What you are asked to do
Give a verbatim copy of the lines below, minus the pictures.

Supplied data

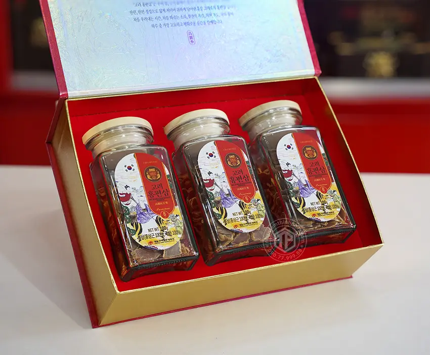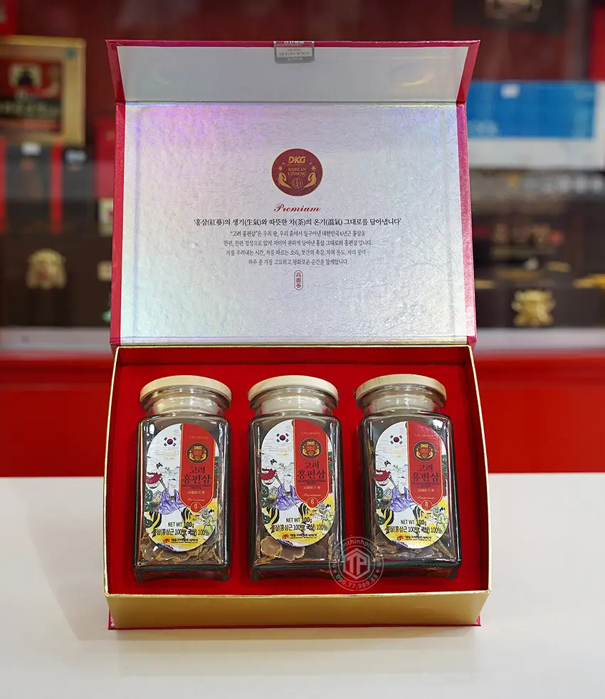 - Hồng sâm lát khô Daedong hộp 3 lọ x 100g là một dòng sản phẩm chế biến từ sâm củ khô 6 năm tuổi Hàn quốc, với chất lượng vượt trội so với sâm tươi.
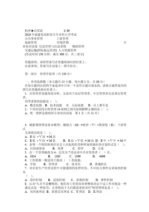 机密★启用前 C 092010年福建省高职高专升本科入学考试公共事业管理工商管理旅游管理市场营销专业知识试卷信息管理与信息系统物流管理交通运输(国际航运管理) 人力资源管理(考试时间150分钟,满分300分,共二部分)答题说明:请将答案写在答题纸相应的位置上。
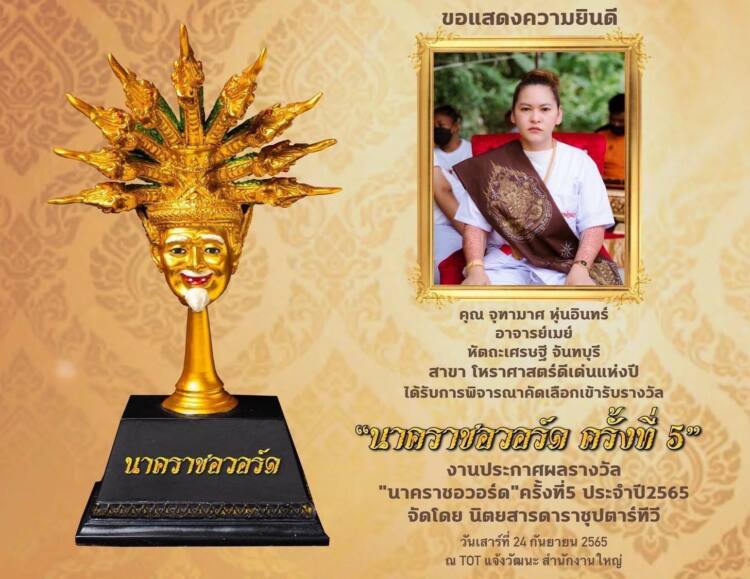 และบุคคล องค์กร ที่ผ่านการคัดเลือก ให้เข้ารับรางวัล นาคราชอวอร์ด ครั้งที่ 5 ประจำปี 2565 ในสาขา โหราศาสตร์ดีเด่นแห่งปี คือ อาจารย์สักลายมือชื่อดัง ที่สร้างความปัง และความเฮง ให้กับเหล่าบรรดาลูกศิษย์มามากมาย อย่าง อาจารย์เมย์ หัตถะเศรษฐี จันทบุรี หรือ คุณจุฑามาศ หุ่นอินทร์ ที่นอกจากจะมาเข้ารับรางวัลแล้วนั้น ยังร่วมเป็นประธานในการมอบรางวัลให้กับศิลปินดารา คนดัง อีกด้วย
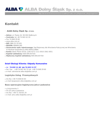http://nd.nd.nd.nd.nd.nd.nd.nd.nd.nd.walbrzych.alba.com.pl/faq/kontakt_alba/printpdf.html Kontakt ALBA Dolny Śląsk Sp. z o.o. ● ● ● ● ● ● ● ● ● ● Adres: ul. Piasta 16, 58-304 Wałbrzych Centrala: tel. 48 74 843 42 20 Fax 74 848 29 60 www.alba.com.pl NIP: 886-23-70-555 REGON: 890691182 Oznaczenie sądu rejestrowego: Sąd Rejonowy dla Wrocławia-Fabrycznej we Wrocławiu IX Wydział Gospodarczy KRS 0000114684 Konto: Bank Pekao SA 81 1240 4272 1111 0010 3561 0051 Kapitał zakładowy: 600.000,00 PLN Wpłacony kapitał zakladowy 600.000,00 PLN Dział Obslugi Klienta: Odpady Komunalne ● ● ● tel. 74 632 11 48 lub 74 632 11 57 fax: Fax +48 74 847 84 75 lub +48 74 848 29 60 e-mail: [email protected] Logistyka Usług Przemysłowych ● ● tel./fax +48 74 848 83 83 e-mail [email protected] Baza operacyjno-logistyczna Jelcz-Laskowice ● ● ● ● ul.Inżynierska 3 55-221 Jelcz-Laskowice tel./fax: +48 71 318 81 20 e-mail: [email protected]

Finished exercise
 - Hồng sâm lát khô Daedong hộp 3 lọ x 100g là một dòng sản phẩm chế biến từ sâm củ khô 6 năm tuổi Hàn quốc, với chất lượng vượt trội so với sâm tươi.
 机密★启用前 C 092010年福建省高职高专升本科入学考试公共事业管理工商管理旅游管理市场营销专业知识试卷信息管理与信息系统物流管理交通运输(国际航运管理) 人力资源管理(考试时间150分钟,满分300分,共二部分)答题说明:请将答案写在答题纸相应的位置上。
 และบุคคล องค์กร ที่ผ่านการคัดเลือก ให้เข้ารับรางวัล นาคราชอวอร์ด ครั้งที่ 5 ประจำปี 2565 ในสาขา โหราศาสตร์ดีเด่นแห่งปี คือ อาจารย์สักลายมือชื่อดัง ที่สร้างความปัง และความเฮง ให้กับเหล่าบรรดาลูกศิษย์มามากมาย อย่าง อาจารย์เมย์ หัตถะเศรษฐี จันทบุรี หรือ คุณจุฑามาศ หุ่นอินทร์ ที่นอกจากจะมาเข้ารับรางวัลแล้วนั้น ยังร่วมเป็นประธานในการมอบรางวัลให้กับศิลปินดารา คนดัง อีกด้วย
http://nd.nd.nd.nd.nd.nd.nd.nd.nd.nd.walbrzych.alba.com.pl/faq/kontakt_alba/printpdf.html Kontakt ALBA Dolny Śląsk Sp. z o.o. ● ● ● ● ● ● ● ● ● ● Adres: ul. Piasta 16, 58-304 Wałbrzych Centrala: tel. 48 74 843 42 20 Fax 74 848 29 60 www.alba.com.pl NIP: 886-23-70-555 REGON: 890691182 Oznaczenie sądu rejestrowego: Sąd Rejonowy dla Wrocławia-Fabrycznej we Wrocławiu IX Wydział Gospodarczy KRS 0000114684 Konto: Bank Pekao SA 81 1240 4272 1111 0010 3561 0051 Kapitał zakładowy: 600.000,00 PLN Wpłacony kapitał zakladowy 600.000,00 PLN Dział Obslugi Klienta: Odpady Komunalne ● ● ● tel. 74 632 11 48 lub 74 632 11 57 fax: Fax +48 74 847 84 75 lub +48 74 848 29 60 e-mail: [email protected] Logistyka Usług Przemysłowych ● ● tel./fax +48 74 848 83 83 e-mail [email protected] Baza operacyjno-logistyczna Jelcz-Laskowice ● ● ● ● ul.Inżynierska 3 55-221 Jelcz-Laskowice tel./fax: +48 71 318 81 20 e-mail: [email protected]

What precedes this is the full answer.